Users of any service do not like service continuity issues. This discontent is greater when the interaction is form based and stateful; and the worry is higher if the session drops during a mobile banking transaction. For example, it can be peeving when session interruption affects transferring money whilst in the back of a taxi on the way to an airport. Mobile applications can handle session management issues more gracefully than mobile browsers. Nevertheless there will always be customer dissatisfaction associated with session drops when using mobile banking services.

5G provides improved session and service continuity. One of the key features of a 5G data service is session and service continuity, it ensures uninterrupted service experience to the user regardless whether there is any change of UE (User Equipment) IP address or change in the core network anchor point (4G LTE evolved packet system only provides continuity of IP session). This means that the Mobile Network Operator can provide a chargeable “Mobile Banking” Network Slice; or consume the service itself as a Open Banking service provider.

A 5G Mobile Network Slice dedicated to “Mobile Banking” can also provide enhanced user security as unique security parameters can be defined for network slices individually.

Multi Factor Authentication mechanisms provided by the Mobile Network Operator

The MNO can provide enhanced security based on location based services (subject to GDPR & customer approval). The MNO can provide a risk score based on location of the customer.

The Mobile operator knows through the National Device Register if the device has been stolen. The MNO can provide improved 2^nd and 3^rd Factor authentication protection through the Equipment Identity Register. This is important as finger print spoofing is a known and achievable process; and an amputated digit injected with Botox will continue to provide a useable finger print for two weeks!

Mobile operator understands the roaming likelihood and can quantify the risk Matching spend and location reduces fraud. Hence the Apple Pay contactless system does not have a £30 limit. In fact it is even safer as a physical card can be cloned and a four digit pin can be noticed.

The MNO can also wrap 2^nd and 3^rd factor authentication into its mobile app as an identity provider in the Open Banking universe. And it can provide commercial Risk and Location based APIs consumable by Open Banking service providers.
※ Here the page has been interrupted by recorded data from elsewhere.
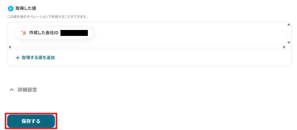 ステップ3で取得した情報を基に、HubSpotに会社を自動作成する設定をしていきます。
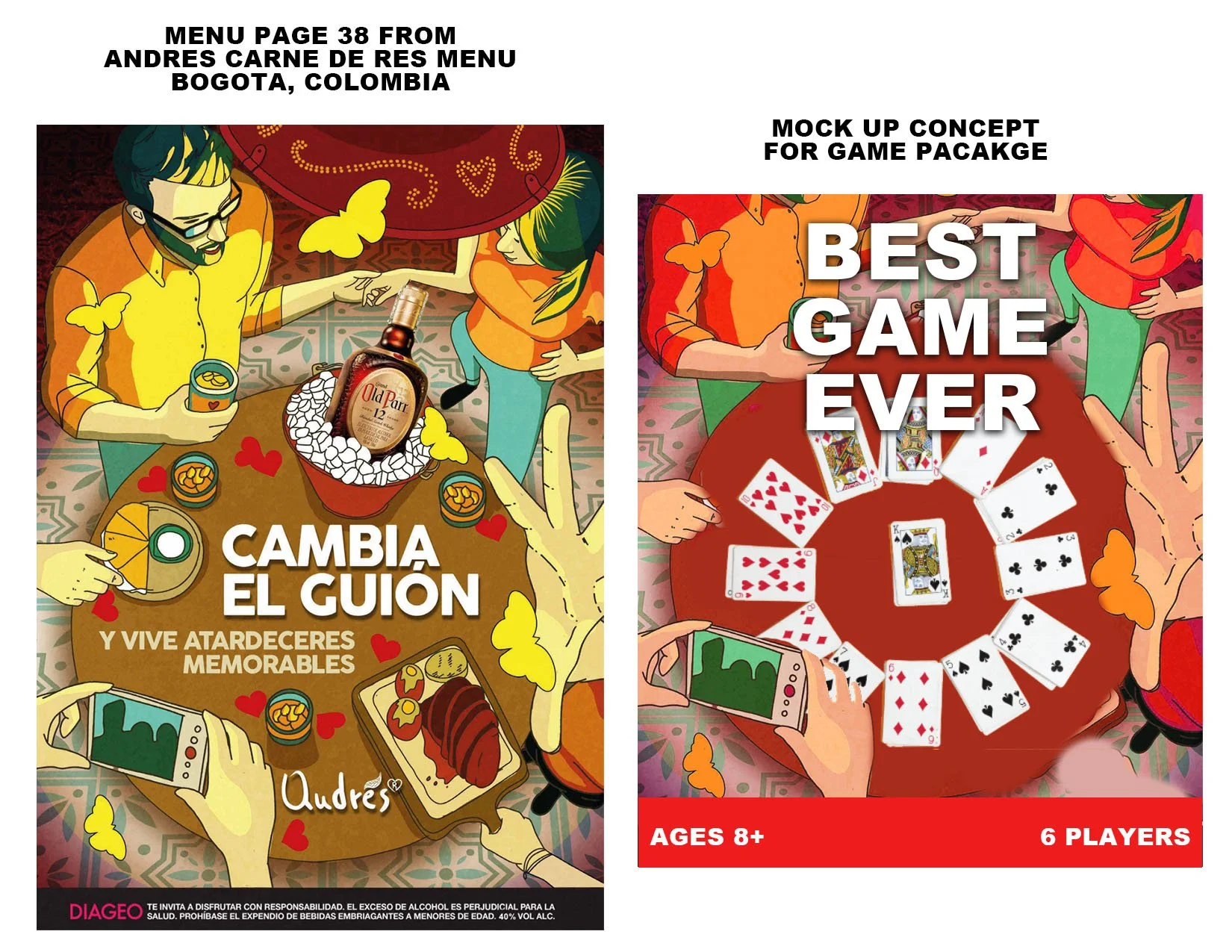 What you can do is take this image and send it over. To an illustrator and explain to them, I've got this item called best game ever. That's what my little mock-up says, and this is how I want the packaging to look, but I need you to create a new illustration of people around the table.
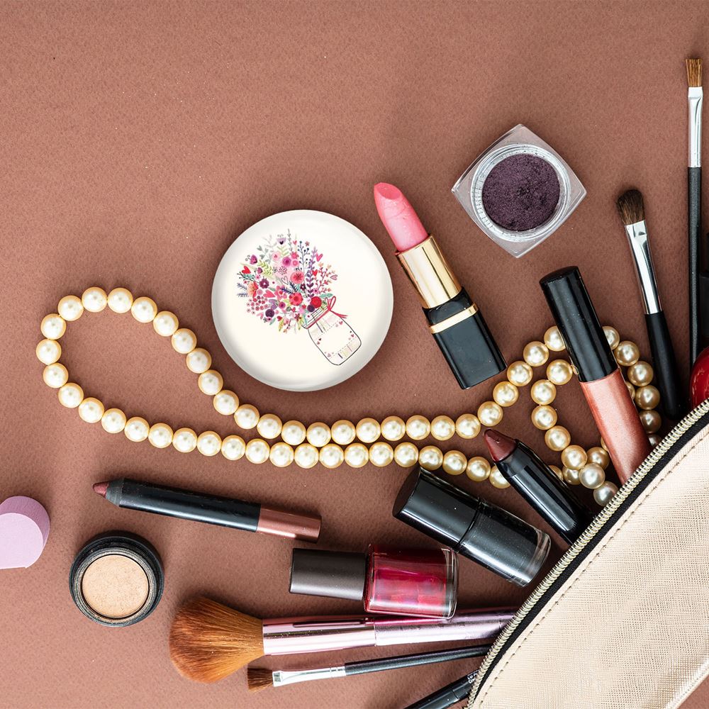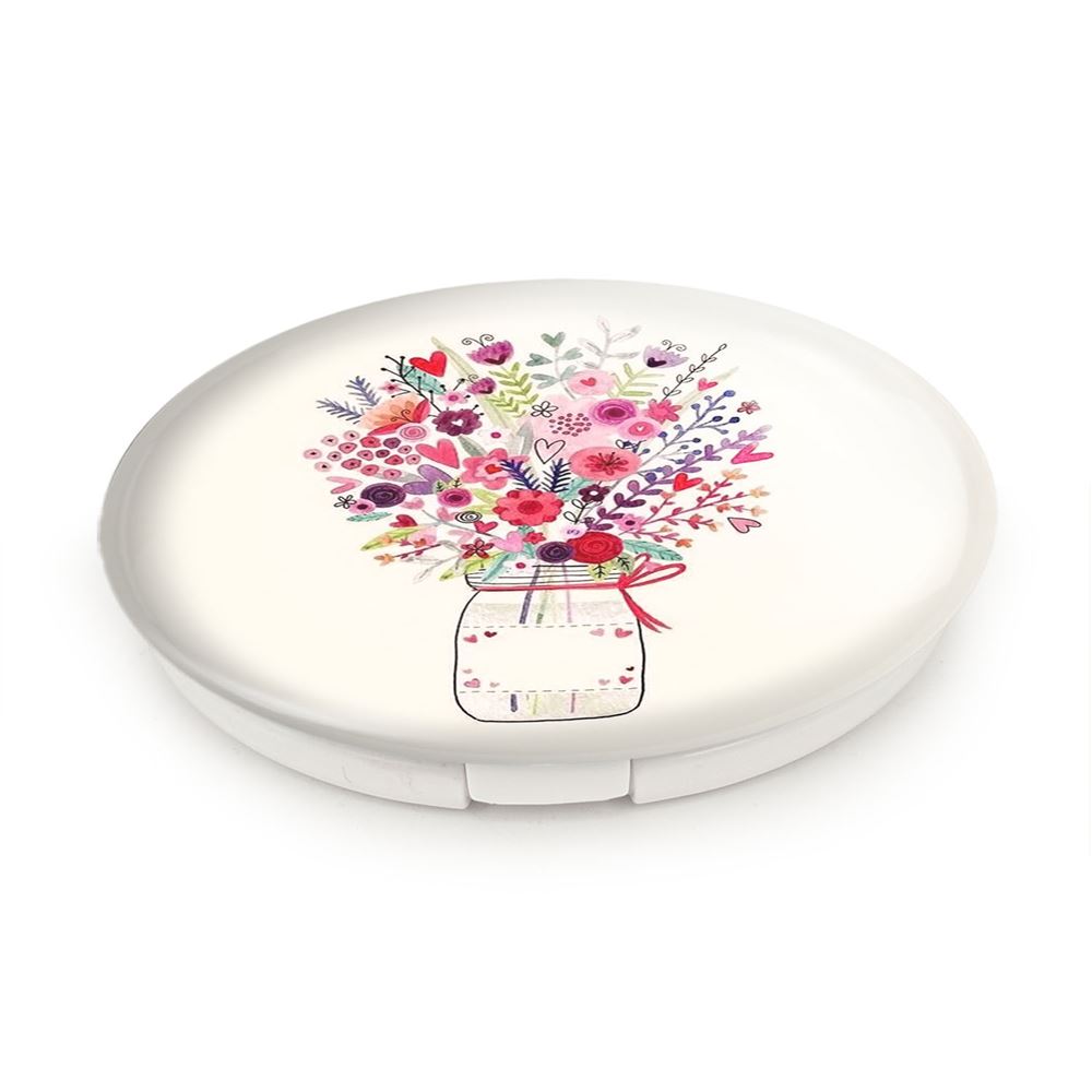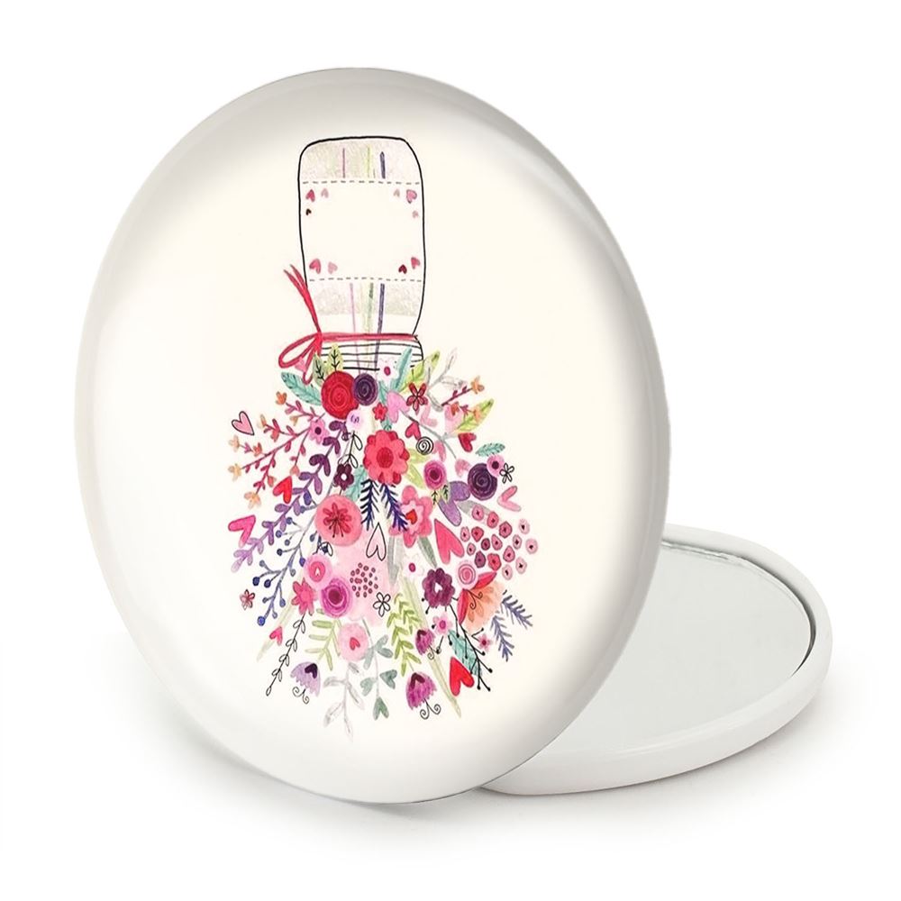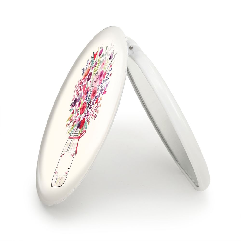 آینه های تاشو گل و گلدون خندالو، از جنس پلاستیک فشرده ABS تولید شده و به رنگ سفید می باشد. یکی از آینه ها ابعاد واقعی را نشان داده و دیگری با قابلیت بزرگنمایی، جزئیات را بهتر نمایش می دهد. ابعاد هر یک از آینه ها، دایره ای به قطر 7.5 سانت می باشد که نه خیلی بزرگ و غیر قابل استفاده در کیف آرایشی ست و نه خیلی کوچک که تصویر خاصی در آن مشاهده نشود. آینه تاشو گل و گلدون سایزی استاندارد و کارآمد دارد و در هر کیفی جا میگیرد. چاپ طرح بوسیله چاپگرهای دیجیتال شش رنگ با شفافیت و کیفیتی مثال زدنی بر روی یک وجه از بدنه ی آینه انجام گرفته و با روکش لمینت حرارتی پوشیده شده که در مقابل آسیب و خط و خش مقاوم بوده و کیفیت بالایی دارد. درب آینه بوسیله قفل بدنه ی آن، باز نمی ماند و کاملا بسته می شود و مناسب قرار گیری در کیف لوازم آرایش و کیف های کوچک دستی نیز هست. آینه های تاشو گل و گلدون خندالو با تنوع طرحی بسیار بالا، سلیقه هر نوع مخاطبی را تامین میکند.

How Open Banking Implements Multi Factor Authentication and Strong Customer Authentication

UK Open Banking can implement Multi-Factor Authentication including Passwordless authentication mechanisms as part of Account Information Service Provider and Payment Initiation Service Provider flows. UK Open Banking uses OAuth 2.0, OpenID Connect and the Financial API specifications from the Open ID Foundation. This extends the PS2 OAuth 2.0 flow where the providing bank must use Strong Customer Authentication to authenticate the user.
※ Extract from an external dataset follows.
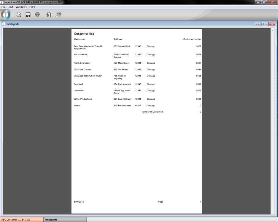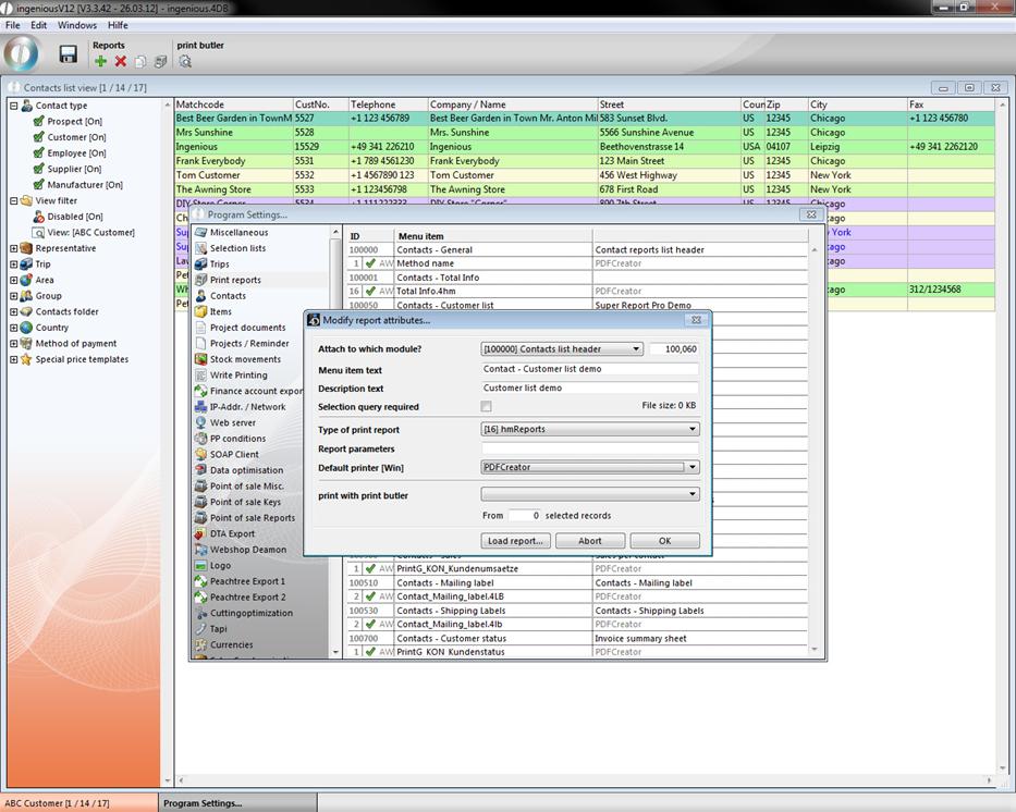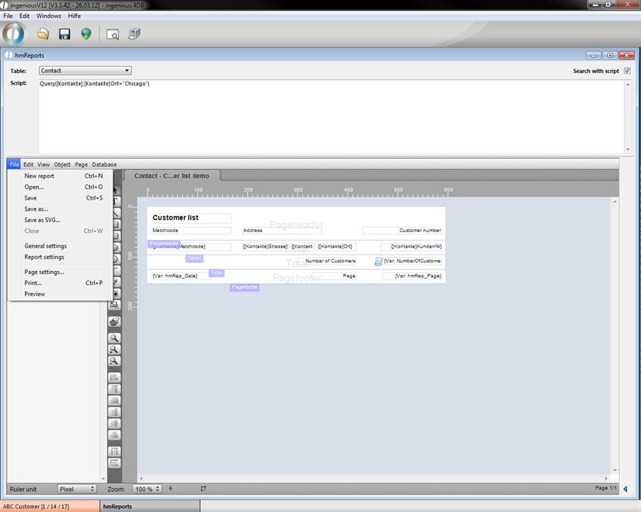 hmReport is a new plugin to create reports, which you can buy at Ingenious GmbH. In the program settings it can be assigned to any module with the print report “[16] hmReport”. In the following example a hmReport named “Contact – Customer list” for the module “Contacts” is created. If you want to load a existing report, you can do this by clicking “Load report…”

This can be a Username / Password combination or a higher factor of authentication. More interestingly this can also be Passwordless (finger-print recognition) authentication by seamlessly pushing authentication to the bank’s mobile app (if on a mobile device). Alternatively this push can be to Account Information Service Providers’ authentication service. The Mobile Network Operator can be a UK Open Banking Account Information Service Provider using a 3 Factor authentication in a single passwordless action supplemented by the MNO’s own location based and fraud detection services

Use of Open Banking in the Internet of Things

The Mobile operator can also support an AISP model when supporting consumer Internet of Things propositions. As an example, the consumer with a listed Airbnb property that includes a number of smart devices may choose to manage the IoT contracts through a separate bank account whilst managing all their accounts through a single AISP. This creates a nice up-sell loop for the Mobile Network Operator providing AISP capabilities alongside IoT propositions.

Conclusion

Trust is critical for the success of mobile banking. Security breaches can lower the adoption of online banking services. The most effective mobile banking service is the one that integrates all of the available security tools together. This is one that the Mobile Network Operator already does well and can do better with 5G Network Slices and the use of Passwordless 3 Factor Authentication.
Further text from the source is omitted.